Successor Fund Transfers – Make Sure You Can Chew Gum And Walk At The Same Time

 

In five years, many superannuation funds that exist today will not be here because of underperformance, or because the advantages of a merger are deemed to be in the best interests of members. Industry consolidation is moving faster than ever, and for those funds pursuing a successor fund transfer, the ability to chew gum and walk at the same time is essential.

QMV recently hosted a panel of industry leaders to discuss the challenges and opportunities that scale, efficiencies and consolidation present:

  • The Hon. Nicholas Sherry – Former Federal Minister and Chair, Household Capital

  • Rose Kerlin - Group Executive, Membership, AustralianSuper

  • Katherine Kaspar – CEO, Kinetic Super

  • Josh Wilson – CEO, GROW Super

  • Wendy Colaço – Principal Consultant, QMV (moderator)

Clockwise: The Hon. Nicholas Sherry, Rose Kerlin, Wendy Colaço, Joshua Wilson, Katherine Kaspar

GENERAL OVERVIEW

Having been involved in many SFTs, I know this subject matter is always fascinating and particularly compelling at present. While it is not easy to summarise 90 minutes of invaluable commentary from our panellists, I have made notes around seven key themes which were discussed, as follows:

  1. Should my fund continue to exist?

  2. When is a merger in the best interest of members?

  3. Delivering a healthy business in a merger.

  4. New entrants and new technology.

  5. Mergers must deliver what members really want.

  6. Why would big funds want to merge with smaller (or underperforming) funds?

  7. There is another way to merge.

SHOULD MY FUND CONTINUE TO EXIST?

Giving up your baby is hard to reconcile, but the industry has now seen many hundreds of mergers and is getting quite good at it. The panel was immediately united on the position held by Mr Nicholas Sherry, former federal minister and chair at Household Capital, that the industry has reached the point where we can no longer ignore funds that under perform long-term against their peers.

“A trustees’ fiduciary duty is not just about running a fund, as important and critical as that is, it's about fundamentally asking the question, should my fund continue to exist?” Mr Sherry said.

Mr Sherry highlighted the extent of consolidation over the past 15 years and observed that the current rate of consolidation is faster than ever.

Table 1: Superannuation industry consolidation by number of funds

 

Mr Sherry believes in five years, the profit for members sector will probably be down to 10 to 15 large industry funds, six public sector funds, he is not sure what will be left of corporate funds and says it’s hard to make a judgement on how many retail funds will remain because of the additional challenges they face.

Mr Sherry says that at some point, with some funds, APRA must become the driver to winding up poor performance. He also sees the potential of members pursuing common law action against trustees for failing to wind the fund up.

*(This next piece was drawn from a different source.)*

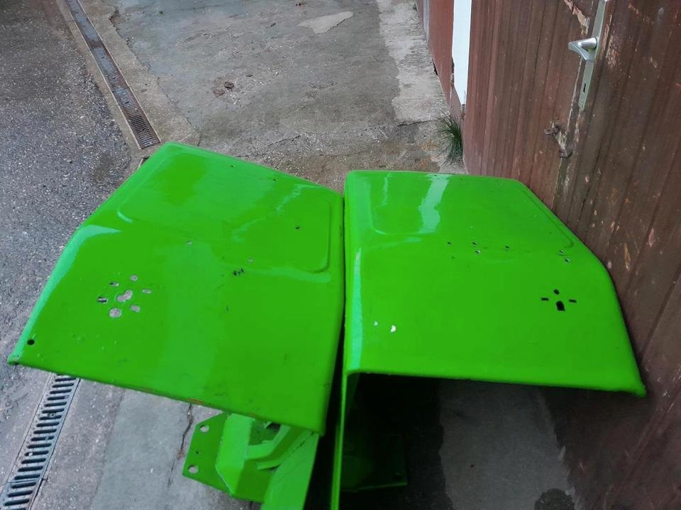 Deutz 8006, 10006, 13006 spatborden.Afstand tussen de gaten in de montageplaat: 160×160 mm.Ze zijn in redelijk goede staat.De vorm zelf is nog correct en ze zijn niet kromgetrokken. De prijs is voor de set

Ms Rose Kerlin, group executive, membership at AustralianSuper says the evidence is clear and grace periods are over, with more aggressive movement being required. Ms Kerlin noted that, in the wake of the royal commission, AustralianSuper has experienced a spike in new memberships.

“Community expectations have certainly increased. We're seeing new members moving to AustralianSuper who have voted with their feet,” she said.

 

WHEN IS A MERGER IN THE BEST INTERESTS OF MEMBERS?

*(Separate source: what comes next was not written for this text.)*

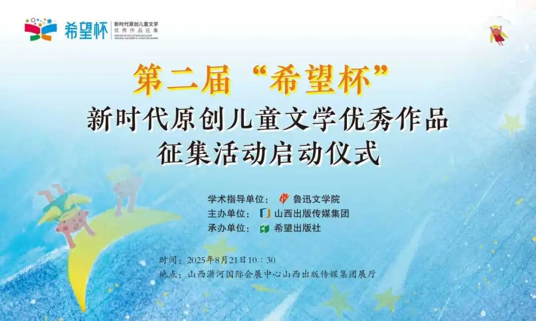8月21日上午,由魯迅文學院擔任學術指導,山西出版傳媒集團主辦、希望出版社承辦的第二屆“希望杯”新時代原創兒童文學優秀作品征集活動啟動儀式,在山西瀟河國際會展中心山西出版傳媒集團展廳隆重舉行。本次活動以習近平新時代中國特色社會主義思想為指導,深入貫徹落實習近平文化思想,緊扣黨的二十大關于文化建設的戰略部署,圍繞建設社會主義文化強國的目標,圍繞“與時代呼應 為兒童創作”的核心主題,旨在進一步推動原創兒童文學高質量發展,鼓勵創作者書寫新時代少年兒童的生活與精神世界,講好中國故事,切實承擔“舉旗幟、聚民心、育新人、興文化、展形象”的使命任務。

Ms Katherine Kaspar was, for eight years, a member of the Kinetic Super board, which ultimately made the decision to merge with Sunsuper. After taking on the role as chief executive officer, she was charged with execution of that decision.

Katherine walked the audience through the board’s process in arriving at a merger and emphasised the importance of funds knowing exactly who their members are today in order to truly deliver what is in their best interests.

Kinetic performed intensive analysis on their member base and asked themselves a series of tough questions that ultimately started the merger conversation:

  • Do we have what it takes to give our members what they need for a better retirement outcome?

  • What can we do better today for our members?

  • Do we have, or need, a strong digital offering?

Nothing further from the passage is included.